Какая пара, что она говорит, куда въезжать…
– Напомните адрес.
– Так вот тут, на брелочке есть – Гороховая, дом…
Боже мой, это Тамара Петровна, домработница Коваленского.
– А зачем мне ключи? Вы Лёве отдайте.
– Сашенька, так ведь Лев Осич-то… Сорок дней послезавтра…
– Сорок дней чего?
– Со дня смерти, Сашенька.
– Какое сегодня число?
– Двадцать пятое апреля. Ну, я пойду, вы отдыхайте, поправляйтесь…
эээээээээээээээээээээээээээээээээээээээээээээээ
Надо мной постоянно наклоняются лица, ставят уколы, суют мокрый и холодный градусник. Одно лицо в очках мне понравилось. Оно принесло много пакетов и хотело меня кормить. Доброе лицо. Но я ничего не понимаю из того, что оно говорит. Хоть бы сказало имя.
– Саня, я никак не пойму, ты меня слышишь или нет?
– Я вас слышу.
– Вас! Ты что! Это я, твоя Фаня.
– Фаня. Здравствуй. Я в больнице?
– Вторую неделю, Сань. Ты что-нибудь помнишь?
аааааааааааааааааааааааааааааааааааааааааааааааааа
– Так. Вспышками. Расскажи, как я здесь оказалась.
– Ты ушла из дома и где-то бродила. Посылала нам всем сообщения, что ты жива и волноваться не надо.
Мы тебя уговаривали вернуться. А потом нам позвонил человек – назвался Петей, – мне и другу твоему Андрею, он объяснил, что тебе очень плохо, что у тебя нервный шок и кровотечение. Ты сказала ему – видишь, без сознания, а соображала, – что надо найти на твоём мобильнике наши телефоны. Мы приехали на Васильевский к этому Пете и забрали тебя. Устроили в больницу, ну а Егор уж потом распорядился тебя в отдельную палату поместить. Денег мне дал, чтобы я «контролировала вопрос». Мы что, мы контролируем.
– Фаня, меня оперировали?
– Чистку сделали, конечно, чтобы остановить кровь. Нет, у тебя там всё в порядке, это всё было от нервов. И ещё, Санечка, врачи сказали – алкогольная интоксикация… я не поверила сначала… у тебя?
– Да, это правда. Я месяц пила.
– Господи, где же ты жила?
– Комнату сняла у одной бабульки. Шлялась по городу и напивалась. Здорово было. Такие мне попадались интересные люди…
– Мы уж нагляделись на одного такого очень интересного Петю. Представляю себе остальных. Петя, кстати, что-то с Ваней подружился, не знаю, за каким чёртом. Опять алкоголик из коммуналки… Саня, надо питаться. Я тебе массу вкусного принесла. Ваня испекла пирожков, как ты любишь. Ты должна обо всём забыть, Саня, кроме здоровья. Только здоровье. Больше ни о чём не думай. Забей на всё. Тебе успокоительное дают?
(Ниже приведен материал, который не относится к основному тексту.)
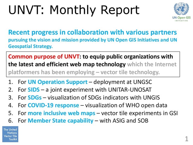 For SIDS – a joint experiment with UNITAR-UNOSAT 3. For SDGs – visualization of SDGs indicators with UNGIS 4. For COVID-19 response – visualization of WHO open data 5. For more inclusive web maps – vector tile experiments in GSI 6. For Member State capability – with ASIG and SOB UNVT: Monthly Report Recent progress in collaboration with various partners pursuing the vision and mission provided by UN Open GIS Initiatives and UN Geospatial Strategy. Common purpose of UNVT: to equip public organizations with the latest and efficient web map technology which the Internet platformers has been employing – vector tile technology. 7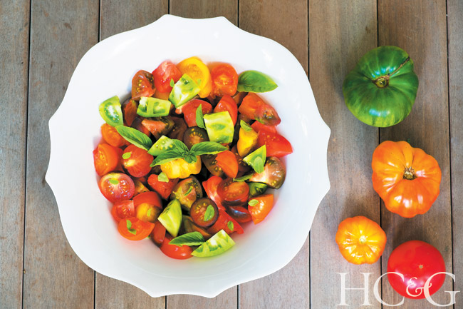 Mix first four ingredients together and let sit at room temperature for a bit to absorb flavors before serving, garnished with the basil. Tip: Soaking the red onion in ice water for 15 minutes after slicing softens its pungency and lets the tomatoes take center stage. Recipe from the kitchen of Carron Sherry and Rich Hogan.

– Да. Так я спокойна, Фаня. Разве не видно?
ооооооооооооооооооооооооооооооооооооооооооооо
Зачем это, фотоаппарат? Уберите. Не надо меня фотографировать.
– Аль, ты что, я и не собираюсь, я с работы, Господи, Аль, ты меня не узнаёшь?
– Андрюшка. Не смотри на меня, я больная вся, выгляжу, наверно, ужасно. Ну что, а какого цвета у меня сейчас глаза?
– Светло-голубые, как небо за окном. Алькин, не переживай ты так. Ты не виновата. Ну, помер и помер. Какая от него радость кому была? Выздоравливай, и мы с тобой обязательно куда-нибудь уедем. Ты и я. Честное слово. Хоть в твой Энск, хоть куда.
– Поздно, милый. Поздно. Где ты был? Где ты был? Почему ты меня оставил одну? Не надо. Ничего не надо. Уходи, не мучай меня. У меня больше нет сил…
аааааааааааааааааааааааааааааааааааааааааааааааааа
– Ну, ты тут как, в принципе? Врачи говорят, на поправку идёшь.